* _Directions_
Apart from the images, reproduce all of the data word for word.

────────────────

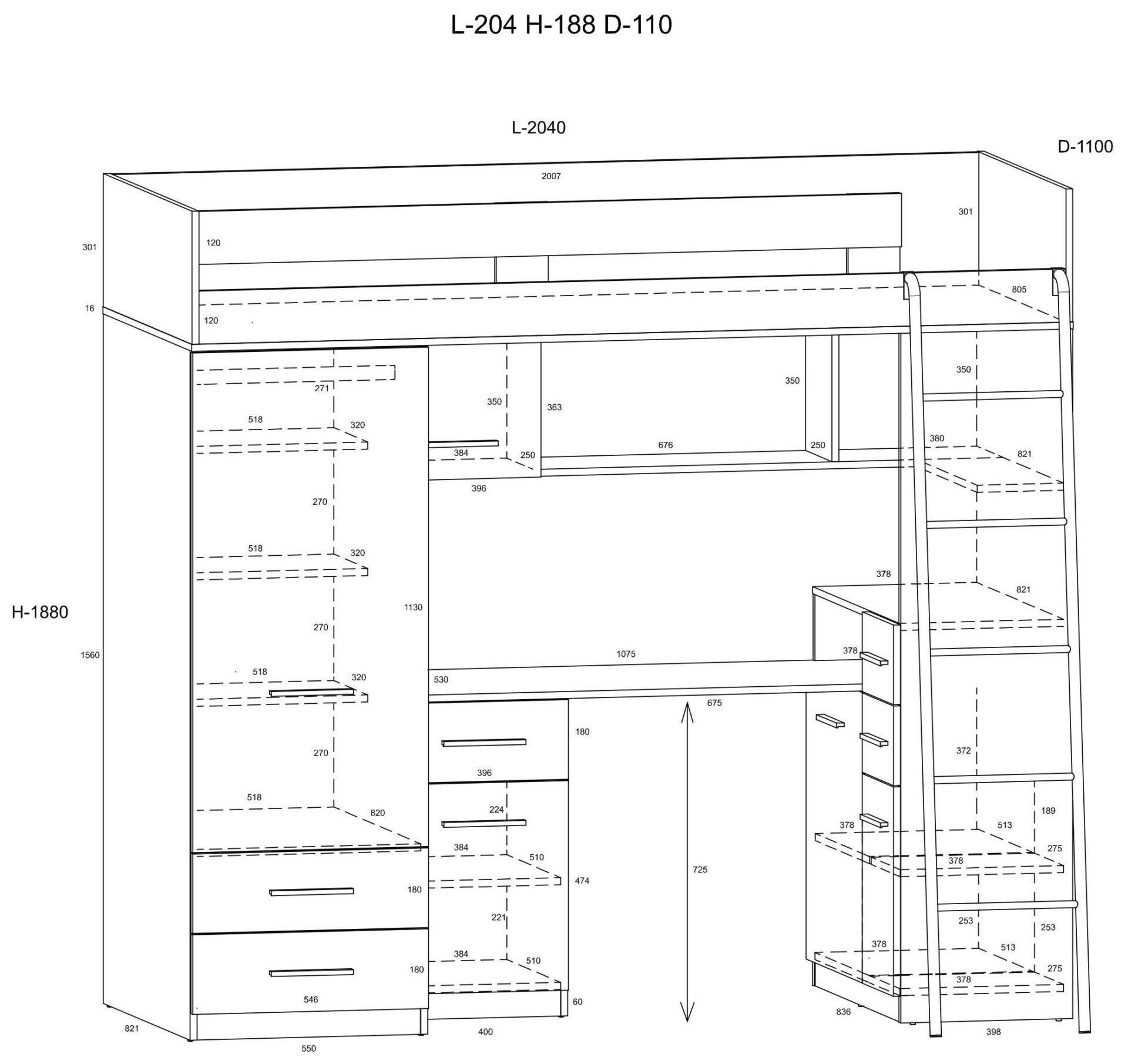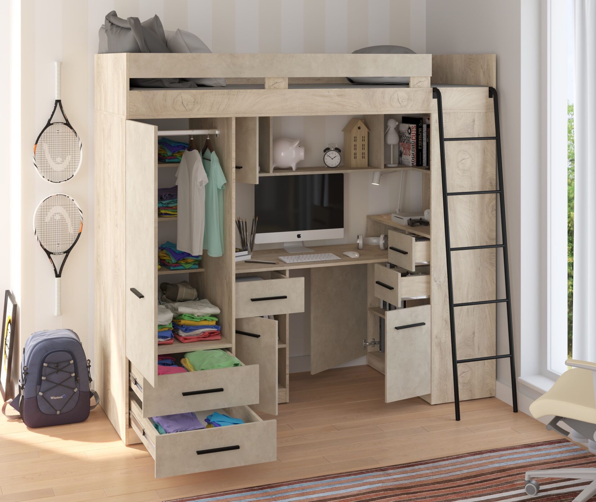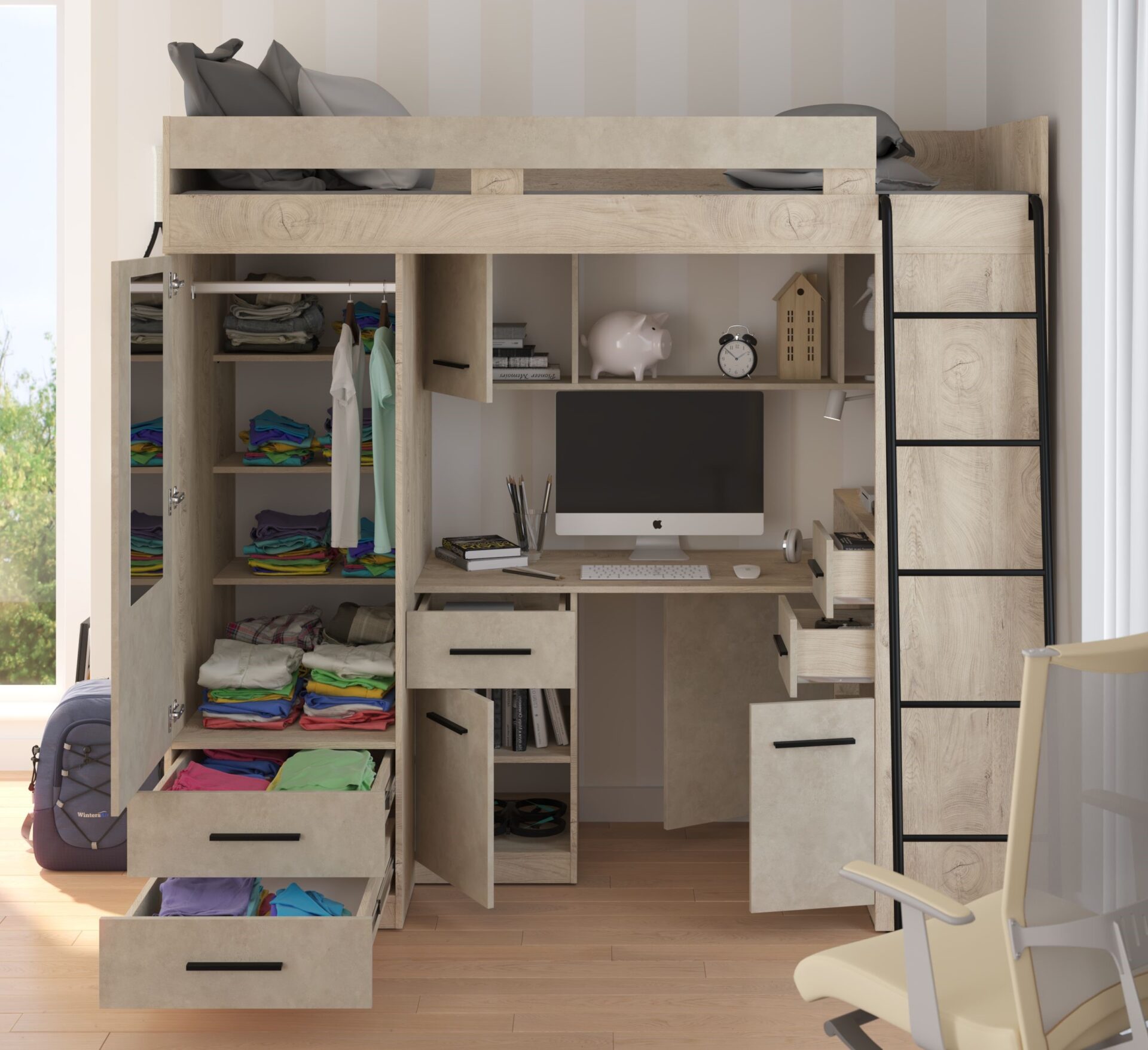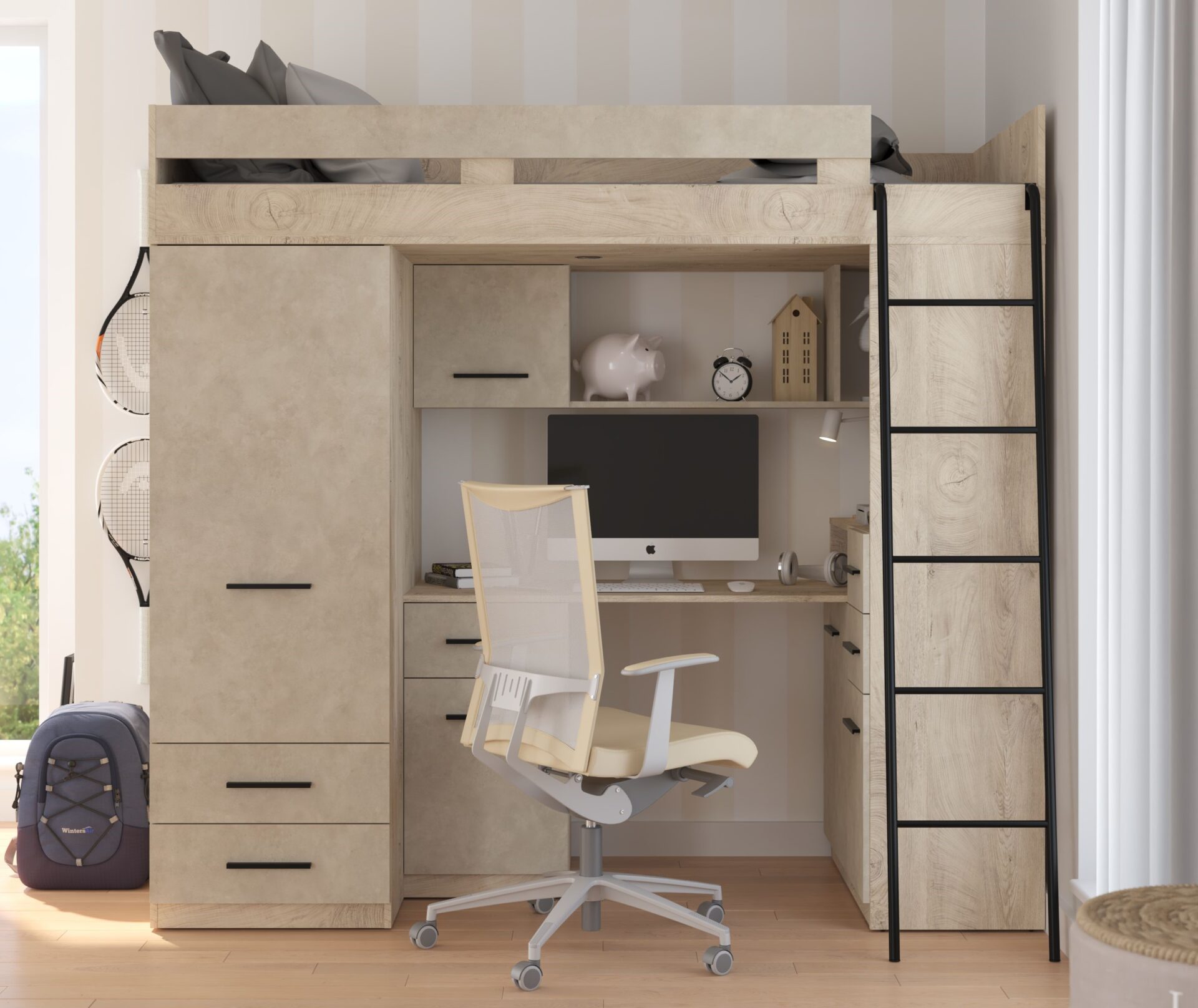 MYKS P antresolė be čiužinio. 16 mm plokštė, ABS kraštas, švelniai užsidarantys stalčiai ir spintelės. Spalva: ąžuolo imitacija / granados migdolų imitacija.
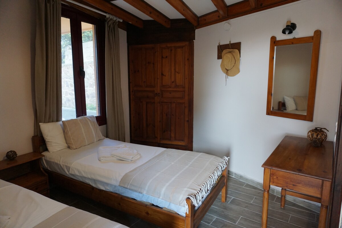 Habitación privada con terraza y vistas al mar en la isla de Cunda
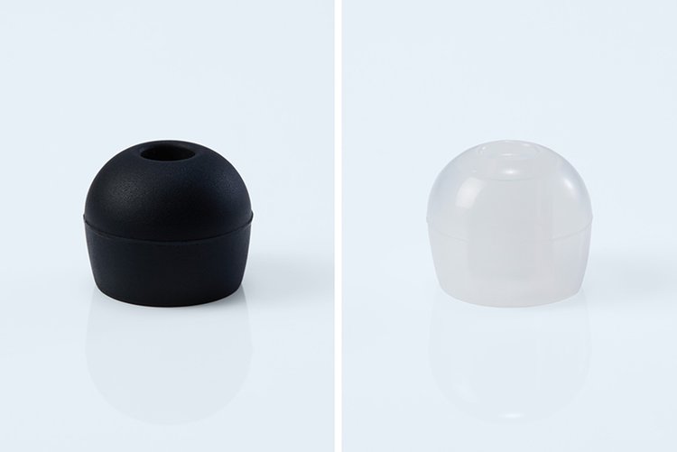 サイズはXS/S/M/Lの全4種類を各1セットずつ同梱し、耳穴の大きさや装着感に合わせて選択可能。さらに、マットな質感でさらっとした装着感の「ブラック」と、光沢質感によって高い密閉性が得られる「クリア」の2種類の質感をラインナップする。適応ポートサイズはΦ5.4×L2.3mm以上。
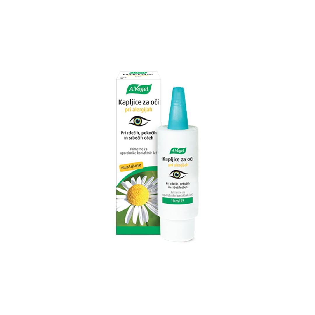 A.Vogel Kapljice za oči pri alergijah vsebujejo hialuronsko kislino (rastlinskega izvora) in se lahko uporabljajo za hitro lajšanje srbečih in pordelih oči, ki so posledica senenega nahoda.
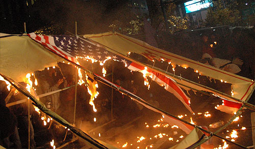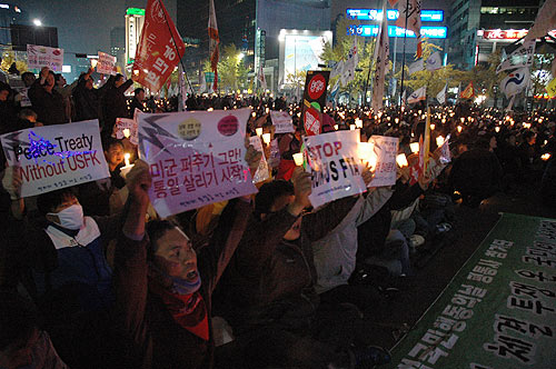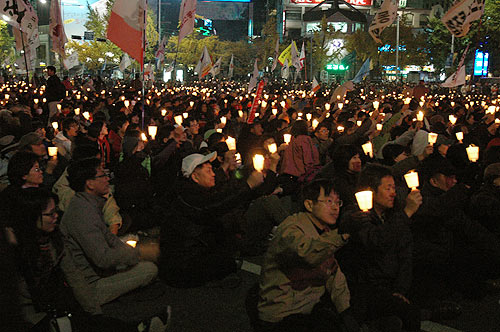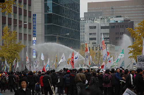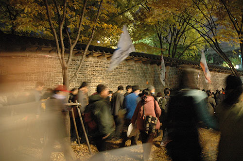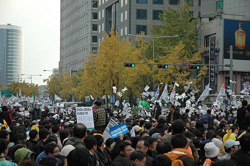 "ÇöÀç Âü°¡ÀÚµéÀº Á¾·Î±¸Ã» ¾Õ µµ·Î±îÁö ¹Ð·Á¿Í °æÂû°ú ´ëÄ¡ÁßÀÌ´Ù. ±×·¯³ª ¹Ìó ÈÄÅðÇÏÁö ¸øÇÑ ÀϺΠÂü°¡ÀÚµéÀº µµ·Î °÷°÷¿¡¼ °æÂûÀÇ Æø·Â¿¡ ¹«¹æºñ·Î ³ëÃâµÅ Å©°í ÀÛÀº ºÒ»ó»ç°¡ ÀϾ°í ÀÖ´Ù."(¹ÎÁßÀÇ ¼Ò¸®, ¿ÀÈÄ 5½Ã 20ºÐ ÇöÀç)
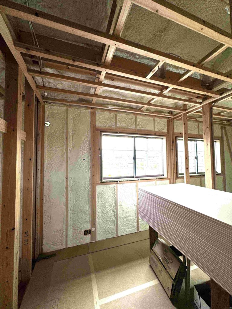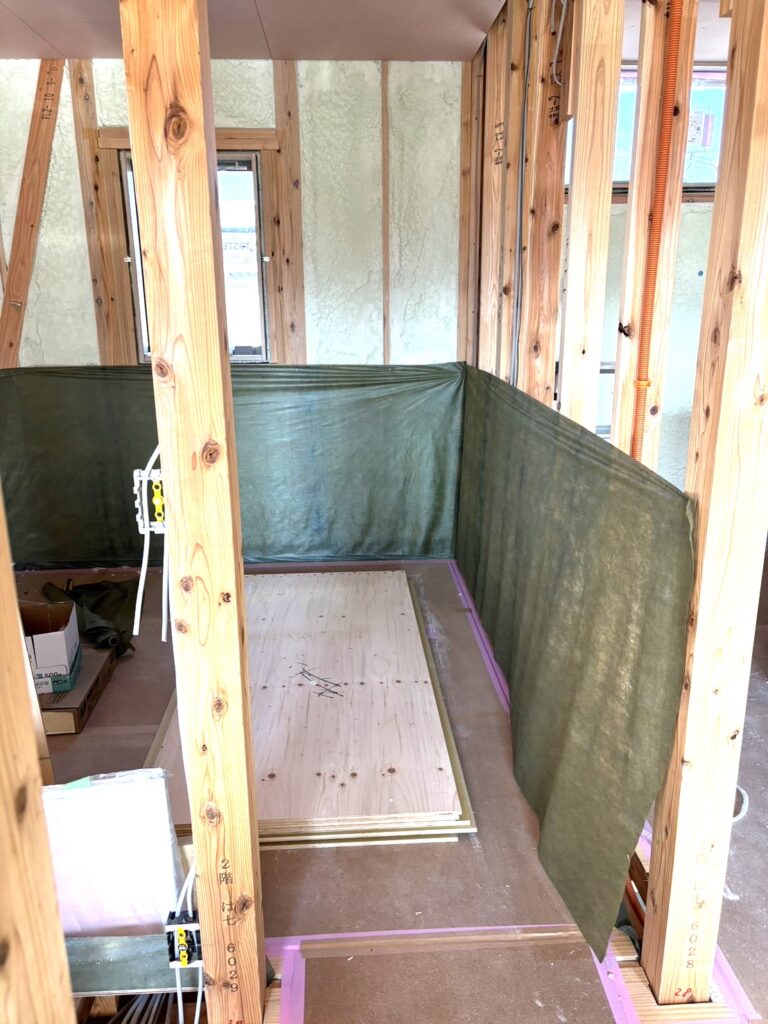 室内に面する部分に、遮熱通気防水シート貼りも終えています。
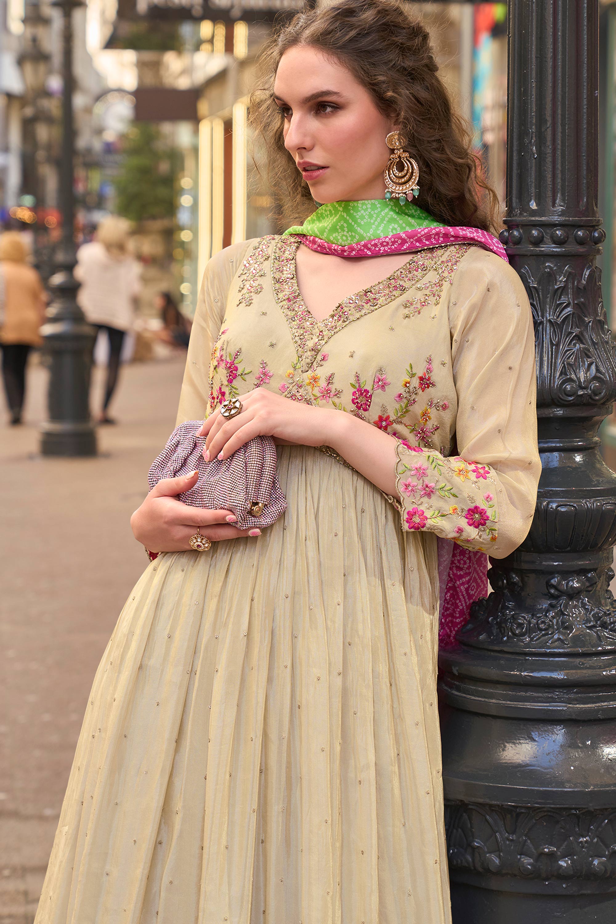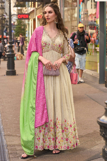 Elevate your festive style with this Art Silk Embroidered Anarkali Gown in a sophisticated beige hue. Perfect for functions and celebrations, this gown features exquisite embroidery that showcases elegance. Made with lightweight and smooth art silk fabric, it offers all-day comfort without compromising on glamour. The included dupatta completes the ensemble with grace, giving you a complete look that's ready to impress. Designed in a flattering silhouette, it combines traditional aesthetics with modern appeal. A must-have for special occasions, this readymade gown ensures you stand out effortlessly.
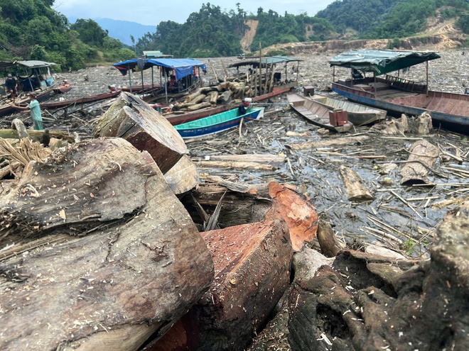 Một số gốc cây to trôi dạt vào khu vực bến thuyền, đập nước, nơi tập trung nhiều hộ dân sinh sống.
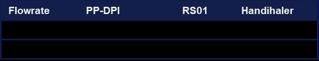 Table 1: Comparison of FPF at different Flowrates for Presspart (PP) Device, RS01 equivalent and Handihaler for the Rifampicin particle-engineered formulation.

────────────────

* _Exercise solution_
 MYKS P antresolė be čiužinio. 16 mm plokštė, ABS kraštas, švelniai užsidarantys stalčiai ir spintelės. Spalva: ąžuolo imitacija / granados migdolų imitacija.
 Habitación privada con terraza y vistas al mar en la isla de Cunda
 サイズはXS/S/M/Lの全4種類を各1セットずつ同梱し、耳穴の大きさや装着感に合わせて選択可能。さらに、マットな質感でさらっとした装着感の「ブラック」と、光沢質感によって高い密閉性が得られる「クリア」の2種類の質感をラインナップする。適応ポートサイズはΦ5.4×L2.3mm以上。
 A.Vogel Kapljice za oči pri alergijah vsebujejo hialuronsko kislino (rastlinskega izvora) in se lahko uporabljajo za hitro lajšanje srbečih in pordelih oči, ki so posledica senenega nahoda.
 "ÇöÀç Âü°¡ÀÚµéÀº Á¾·Î±¸Ã» ¾Õ µµ·Î±îÁö ¹Ð·Á¿Í °æÂû°ú ´ëÄ¡ÁßÀÌ´Ù. ±×·¯³ª ¹Ìó ÈÄÅðÇÏÁö ¸øÇÑ ÀϺΠÂü°¡ÀÚµéÀº µµ·Î °÷°÷¿¡¼ °æÂûÀÇ Æø·Â¿¡ ¹«¹æºñ·Î ³ëÃâµÅ Å©°í ÀÛÀº ºÒ»ó»ç°¡ ÀϾ°í ÀÖ´Ù."(¹ÎÁßÀÇ ¼Ò¸®, ¿ÀÈÄ 5½Ã 20ºÐ ÇöÀç)
 室内に面する部分に、遮熱通気防水シート貼りも終えています。
 Elevate your festive style with this Art Silk Embroidered Anarkali Gown in a sophisticated beige hue. Perfect for functions and celebrations, this gown features exquisite embroidery that showcases elegance. Made with lightweight and smooth art silk fabric, it offers all-day comfort without compromising on glamour. The included dupatta completes the ensemble with grace, giving you a complete look that's ready to impress. Designed in a flattering silhouette, it combines traditional aesthetics with modern appeal. A must-have for special occasions, this readymade gown ensures you stand out effortlessly.
 Một số gốc cây to trôi dạt vào khu vực bến thuyền, đập nước, nơi tập trung nhiều hộ dân sinh sống.
 Table 1: Comparison of FPF at different Flowrates for Presspart (PP) Device, RS01 equivalent and Handihaler for the Rifampicin particle-engineered formulation.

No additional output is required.